The jumbled setting shouldn’t be a deal-breaker, really, yet it’s reflective of a certain slapdash quality in Honey Don’t! — a feeling that the film was rushed into production to build on the momentum from Drive-Away Dolls, when the script could have used another pass.
It is, admittedly, refreshing to see a Coen brother popping out movies at such a nimble, un-self-conscious pace. Joel and Ethan used to move from one project to the next with urgency and inspiration, but, after the late-career masterpiece Inside Llewyn Davis (2013), their output slowed considerably, then stopped altogether after 2018’s The Ballad of Buster Scruggs. The elder Coen brother has directed only one movie this decade, 2021’s The Tragedy of Macbeth, while Ethan and Cooke have already given us three, if you include the 2022 rockumentary Jerry Lee Lewis: Trouble in Mind. It feels ungrateful to complain, doesn’t it?

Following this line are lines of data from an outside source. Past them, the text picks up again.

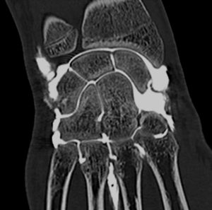 Из всех диагностических мероприятий, которые используются в современной ортопедии и травматологии для выявления патологии костных структур верхней конечности, самым информативным является компьютерная томография кисти. Метод основан на сканировании руки при помощи рентгеновского излучения. Результатом исследования является ряд послойных снимков, позволяющих выявить структурные дефекты суставов кисти, костных структур и мягкотканных образований запястья.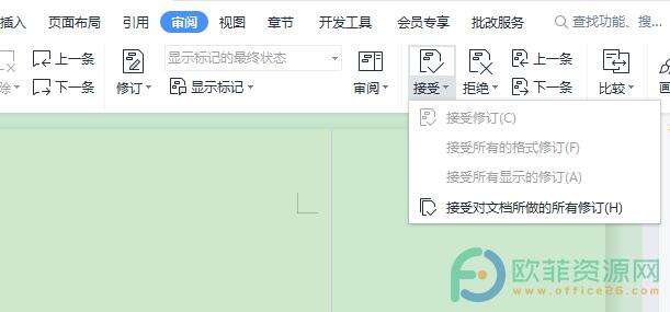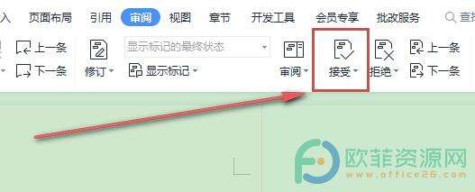 3、最后,在点开图标的列表中选择点击接受对文档所做的所有修订选项就可以了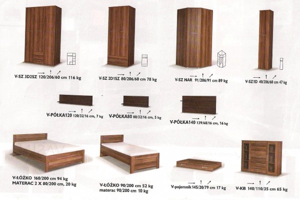 Przykładowe zestawienie elementów - MONTAŻ GRATIS. Meble można zamówić w kolorze śliwa i wenge, płyta wiórowa laminowana (gr. 18mm) częściowo wykończona PCV. Dużo modułów umożliwiających stworzenie wielu układów m.in. komody (gł. 35 cm lub 53 cm), regały, stoliki RTV, szafy, łóżka, biurka, ławy, półki, szafa narożna.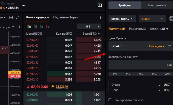 - В самом начале изучите, как функционирует кредитное плечо и маржинальная торговля. Кредитное плечо позволяет увеличить потенциальную прибыль, усиливая воздействие капитала трейдера, но и усиливает уровень риска потерять средства. Есть опция выбрать отношение плеча в диапазоне от 1x до 100x. Также выберите тип ордера (лимитный с установкой необходимой цены и рыночный с немедленным исполнением)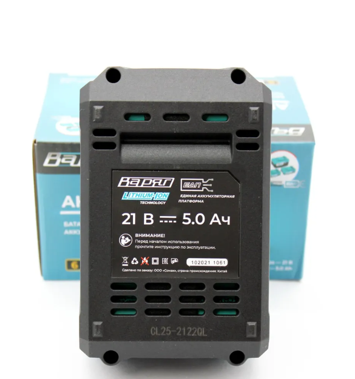 Аккумулятор ВАРЯГ АКБ-21/5,0 предназначен для аккумуляторного инструмента ВАРЯГ на базе единой аккумуляторной платформе. Оснащен индикатором уровня заряда, что позволяет контролировать его заряд. Литиево-ионная аккумуляторная батарея характеризуется отсутствием "эффекта памяти", ее можно заряжать при любой степени разрядки. Рекомендуется иметь запасной аккумулятор для возможности работы во время зарядки первого аккумулятора, исключая время простоев.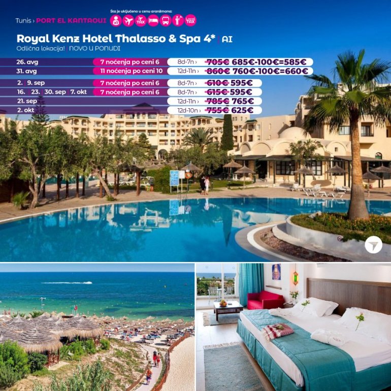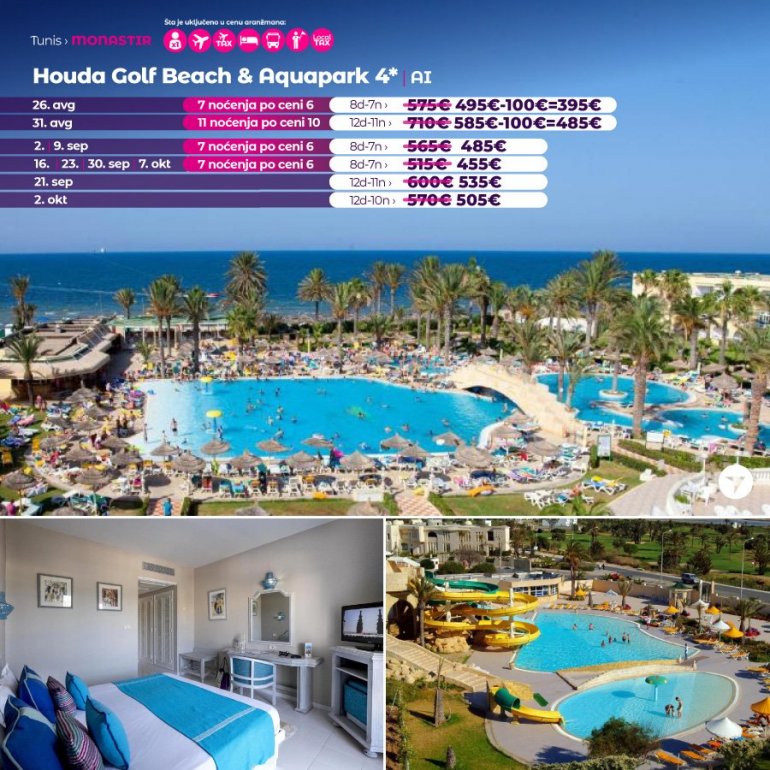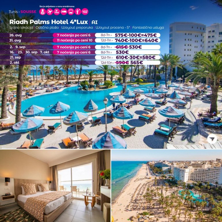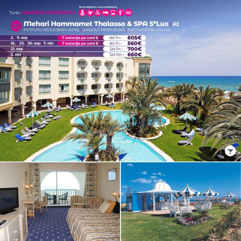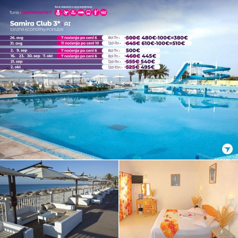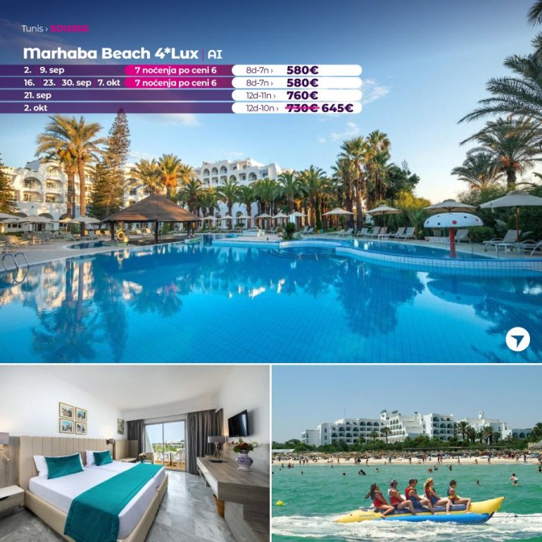 Искључиво са AirSerbia у Тунис! 7 ноћења по цени 6 ноћења / 10 ноћења по цени 9 ноћења / 11 ноћења по цени 10 ноћења. Издвајамо из понуде најтраженије хотеле за лето 2023: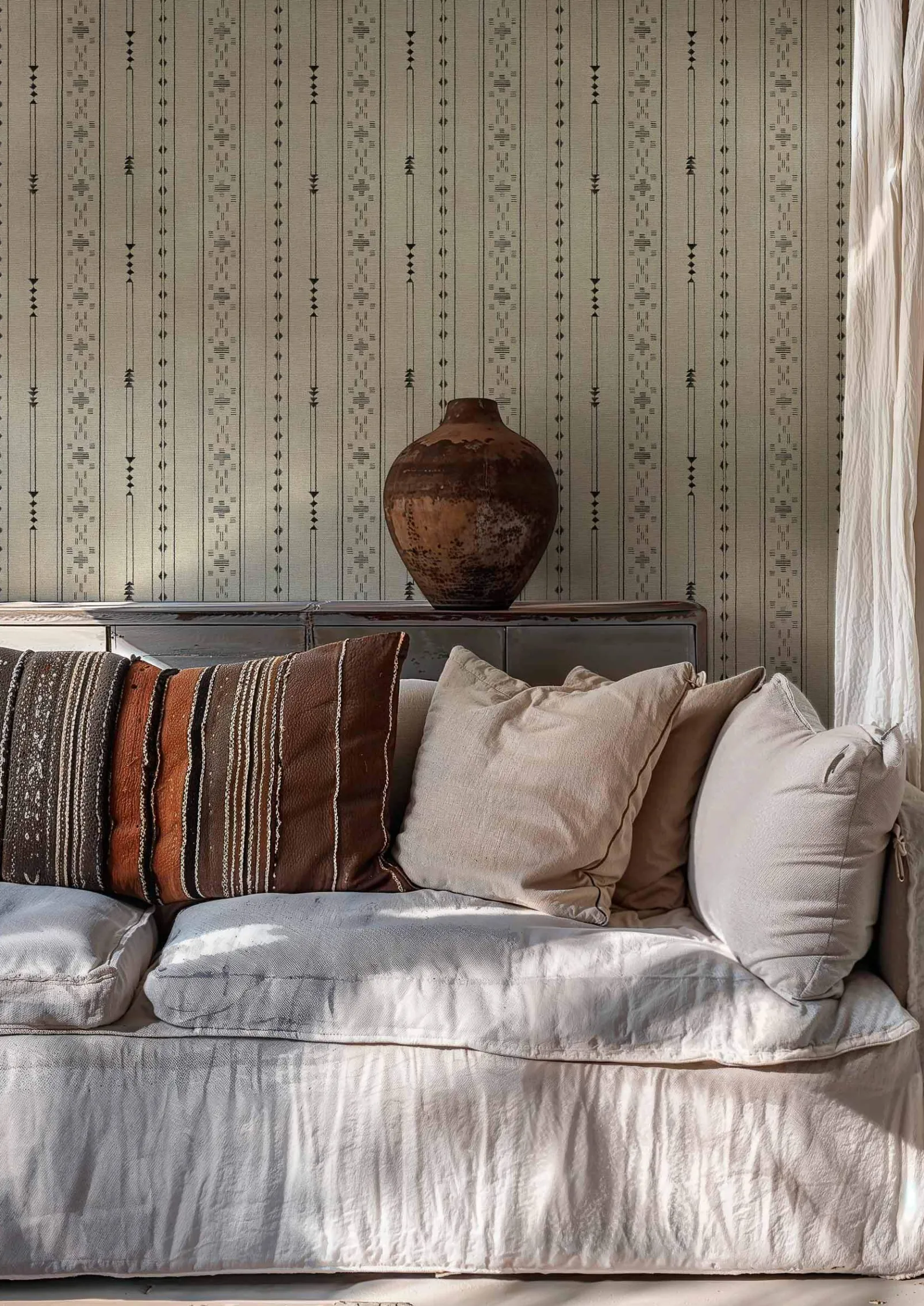 Tifinagh Script Bone de Coordonne es un papel pintado inspirado en la textura en tonos Blanco/Gris de la colección Bereber. Interpretación abstracta de uno de los alfabetos más antiguos que aún existen, el bereber.

But between Honey Don’t! and the aforementioned documentary, quality control has taken a hit. This film is clearly an affectionate homage to the works of low-budget ’70s genre filmmakers like Russ Meyer and John Waters, artists who worked quickly, cheaply, and without fretting over matters of good taste. But Honey Don’t! is not a B-movie, and therein lies a bit of artistic dissonance. This is a well-funded studio movie starring Hollywood A-listers; like Quentin Tarantino’s Death Proof, it yearns to emulate a cheapy, trashy sensibility that clashes with the material realities of its production. Ethan Coen, with his brother, remains among the most original American filmmakers of the past 40 years, but this film’s thrills are largely imitative.